¡Esto es mucho más que fútbol!

¡Esto es mucho más que fútbol! Lo demuestra la eufórica afición que a pesar de que su equipo estaba quedando fuera, cantaba a coros sin parar hasta el minuto final del encuentro. Lo demuestran los jugadores cuando salían de su propia casa con caras de desilusión. Pero más lo demostraba el crack brasileño, Neymar quien no soportó las lágrimas, a quien no le importó cuántas cámaras hubieran encima de él en ese momento.

Lloró, lo hizo desconsolado, cayó en brazos de quien durante todo el partido se había encargado de bloquear sus jugadas. Dani Alves, su compañero de selección.

El partido iniciaba con una desventaja de los españoles, y ellos sabían que estaban 3 goles por debajo, no habían marcado en Italia, pero mantenían su esperanza. Sabían que su casa sería una fortaleza, un castillo protegido con miles de camisetas azulgranas.

La ilusión se mantenía ¡Más aún después de semejante goleada a los parisinos! Y Neymar, Neymar tenía su mente puesta en marcar esos suculentos goles que había logrado anteriormente en el recinto donde todos los catalanes se unen a festejarlos.

El brasileño se movió. Él subió, él bajó, él “la tocó”, verdaderamente sudó su número once, estaba dando la talla, pero no era el día de los catalanes.

No lo lograron. Inclinaron cabeza y abandonaron la carrera por una de las copas más prestigiosas de Europa.

Último pitazo del partido. Se va el Barcelona.
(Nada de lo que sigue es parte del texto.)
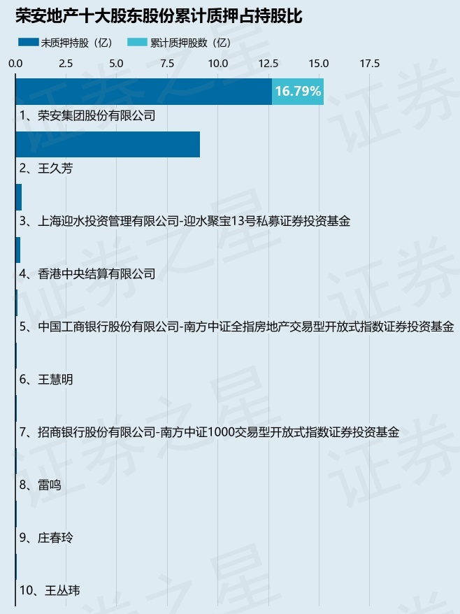 截止本公告日,股东荣安集团股份有限公司已累计质押股份2.56亿股,占其持股总数的16.79%。本次质押后荣安地产十大股东的累计质押股份占持股比例(占持股比例的计算以公司最新一期财务报表公布的十大股东的持股总数为基准)见下图: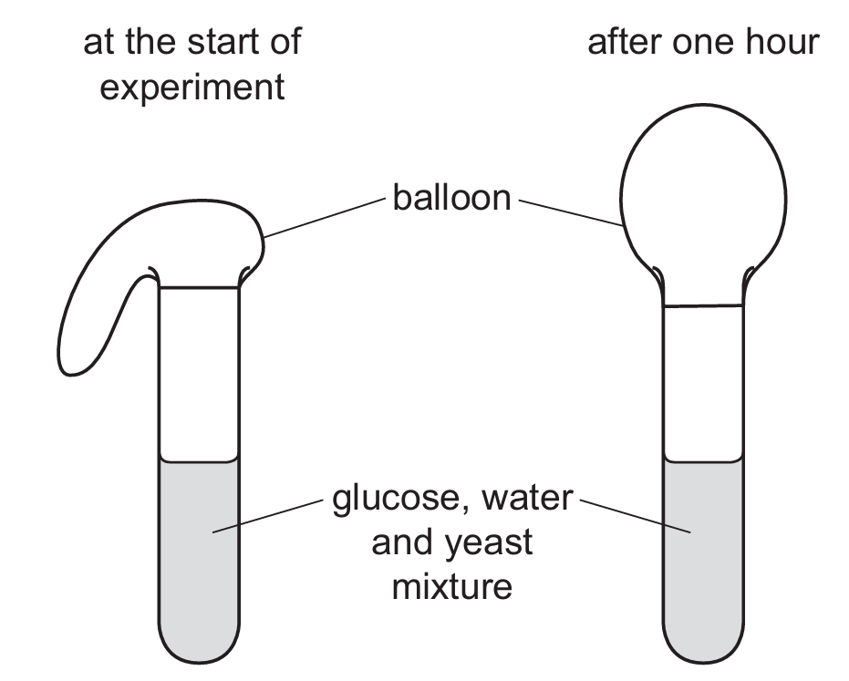 A mixture of glucose, yeast and water was placed in a test-tube. A balloon was attached to the open end of the test-tube. The apparatus was kept at 30 °C for one hour.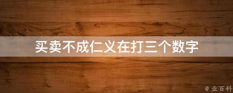 买卖不成仁义在指的是数字2、1、6。买卖不成仁义在这句话的重点是仁义在,仁代表数字2,因为仁字是由一个人字和一个二字组成的;义的数字谐音是1;在字代表数字6,因为它有6笔画。综上所述,买卖不成仁义在指的是数字2、1、6。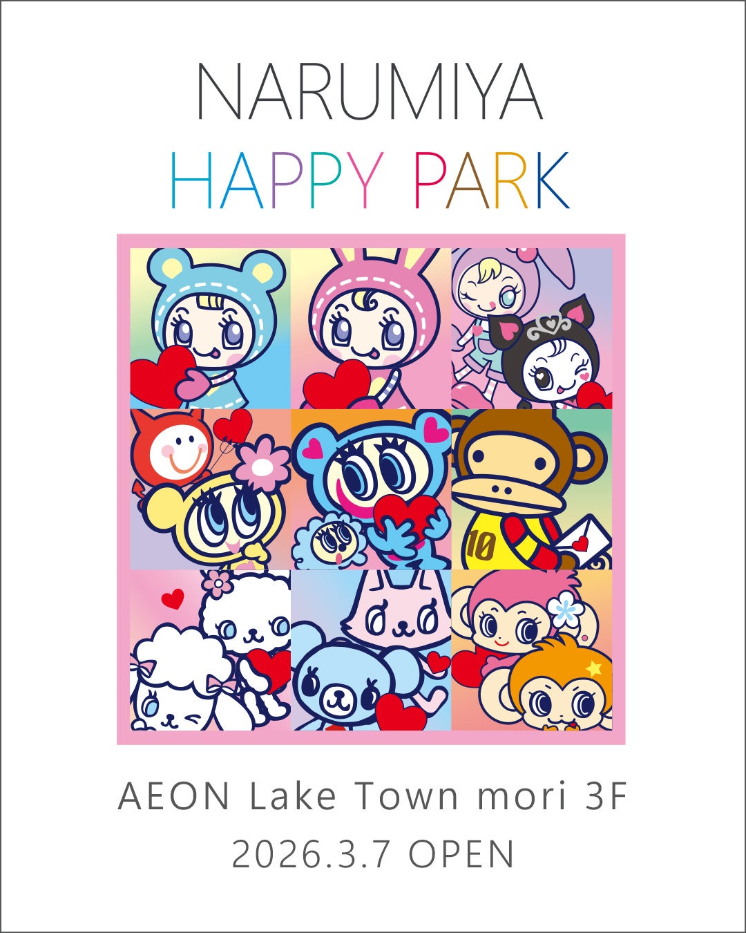 株式会社ナルミヤ・インターナショナル(本社:東京都港区、代表取締役社長執行役員:國京紘宇)は、ルミネエスト新宿(東京)に次ぐキャラクターIPに特化した「NARUMIYA HAPPY PARK(ナルミヤ ハッピーパーク)」を、2026年3月7日(土)にイオンレイクタウンmori(埼玉)にオープンいたします。

No hubieron goles en el Camp Nou. ¿Acaso se acabaron las noches mágicas?

Las gradas seguían llenas de cánticos y banderas ondeando pero ¡Cayó el Barcelona ante la Juventus! ¡Se acabó el sueño de la Champions League para los culés! Quedan fuera y el mundo de Neymar parece derrumbarse en ese momento.
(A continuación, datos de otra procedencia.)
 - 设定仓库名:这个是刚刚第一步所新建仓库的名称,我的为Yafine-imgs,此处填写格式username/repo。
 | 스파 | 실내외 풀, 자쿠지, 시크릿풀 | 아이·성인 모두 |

Figuró, sobresalió como lo hizo cuando logró una remontada de historia ante el Paris Saint Germain,  pero nada sirvióHabía dado todo, pero sabía que no había logrado su objetivo y sus sentimientos en la cancha pudieron más que nada.

Alves se había encargado de que sus jugadas no fueran perfectas, pero ese mismo Alves se encargó de consolarlo y de demostrar esa parte linda del fútbol. Enseñó al mundo que más que rivales existen amigos.

Para el delantero del tridente blaugrana todo había acabado, para él todo lucía en silencio a pesar de que atrás seguían sus seguidores ondeando sus banderas. Estaba desesperanzado, eso lo demostró en la cancha mientras salió de ella con su cara dentro de su piel culé, mientras esperaba a que terminara uno de sus peores días en este deporte. Este lindo deporte que es más que solo fútbol.